4) Constancy of “feedback signals.” Attempts to perturb a feedback signal X must fail, at steady state, unless demand is also changed. In principle this could distinguish the causal role of an X from near-correlates: for example, that acute respiratory acidosis in vivo increases [ADP] but leaves ΔGATP unchanged (25) is evidence for Meyer's model and against ADP-control [although the effects of acidosis are complicated (5)]. Meyer's model also explains why ΔGATP, is, for a given Jo, unaffected by changing [TCr] (4) [also in vivo (1)], although a richer data set, covering a range of pH allowing dissociation between, e.g., [Cr] and [Pi] (3), would be needed to exclude independent effects of its near-correlates [and developments in detailed mitochondrial modeling (30) perhaps make this whole approach too simple].
Other findings (4) are particular, although not exclusive, properties of the subset of “linear” models:
5) Linear relationships. That some metabolite changes (ΔGATP and [PCr]) are linear with Jo (4) [also in vivo (24)] is likely a midrange approximation (22), compatible (algebraically and causally) with some nonlinear JP-[ADP] relationships (Fig. 1B).
7) Kinetics and [TCr]. The time constant τ is proportional to [TCr] in vitro (4) [also in vivo (22)] because, in Meyer's model, increasing [TCr] increases C, increasing the charge (Δ[PCr]) required to reach the required voltage (ΔGATP) (22); in ADP-control models, equivalently, it takes a bigger Δ[PCr] to reach the required [ADP].
8) Kinetics and mitochondrial capacity. The validity of 1/Rm and (given the approximate constancy of C) of k as measures of mitochondrial capacity, i.e., proportional to JP,MAX (4) [as also in vivo (24)]3 , rests on the validity of the linear-model assumptions in the absence of pH change (5).
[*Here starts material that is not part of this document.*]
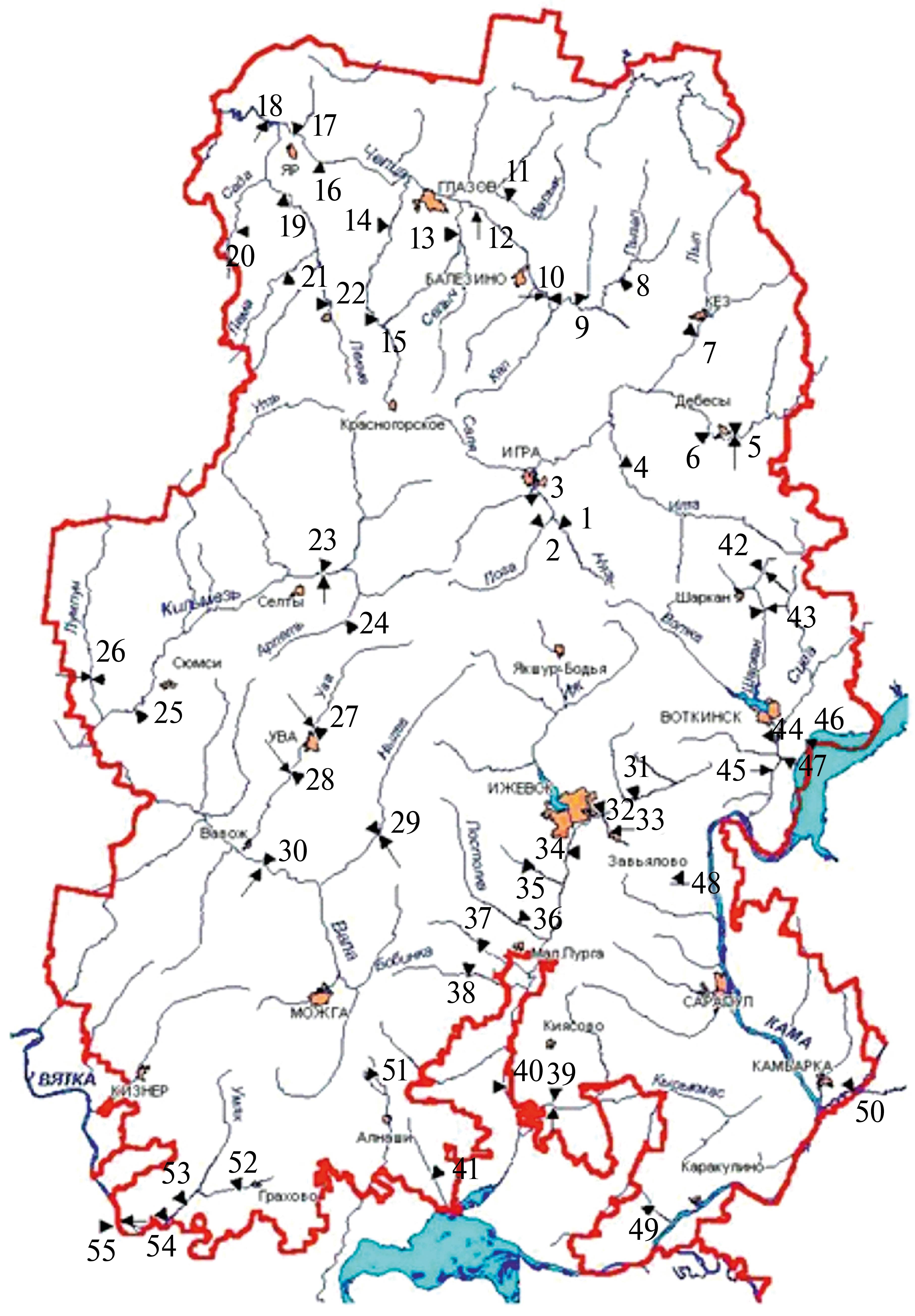 Fig. 1. Map-diagram of the location of key sites for the study of morphodynamics of riverbeds of the Udmurt Republic.

That τ is similar in vivo and in vitro when the ratio of mitochondrial volume to [TCr] is matched (4) makes sense in Meyer's model (4) and also in typical ADP-control models, where τ ≈ [TCr]/JP,MAX (Fig. 1).
In summary, that in a simple system “the robust energetic forces and flows maintained by the isolated mitochondria are similar to those observed in vivo” does indeed “reveal important features of mitochondrial function” (4), notably, that it is likely a demand-driven CK-mediated feedback mechanism not obviously in need of parallel activation mechanisms (18) to explain responses typical of aerobic exercise, but the data also make sense in several other perspectives than Meyer's elegant electrical analog model (23).
↵1 At this point, Glancy et al. also cite the near-linearity of [PCr] with ΔGATP (23), but this is a consequence, not a cause, of ATP buffering; also “the kinetics of PCr breakdown and Jo rise are virtually identical at the onset of exercise” (4) because of ATP buffering, not “because of a relatively constant phosphorylation ratio” (4), which is not obtained.
↵2 2 Glancy et al. (4) calculate C both this way and as C = τ/Rm = τρ(dJo/dΔGATP), and they take the agreement as confirming their assumed ρ (4); this is equivalent to estimating ρ = (d[PCr]/dJo)/τ, as Meyer did (23).
↵3 How well estimates of actual JP,MAX (9, 17) perform is not established, although they largely avoid (19) the “artifactual” pH dependence of k (6). If causal primacy is conceded to ADP feedback (Fig 1B), 1/Rm increases with n, responding to the shape as well as the maximum of JP-[ADP], appropriately reflecting faster kinetics (Fig 1D).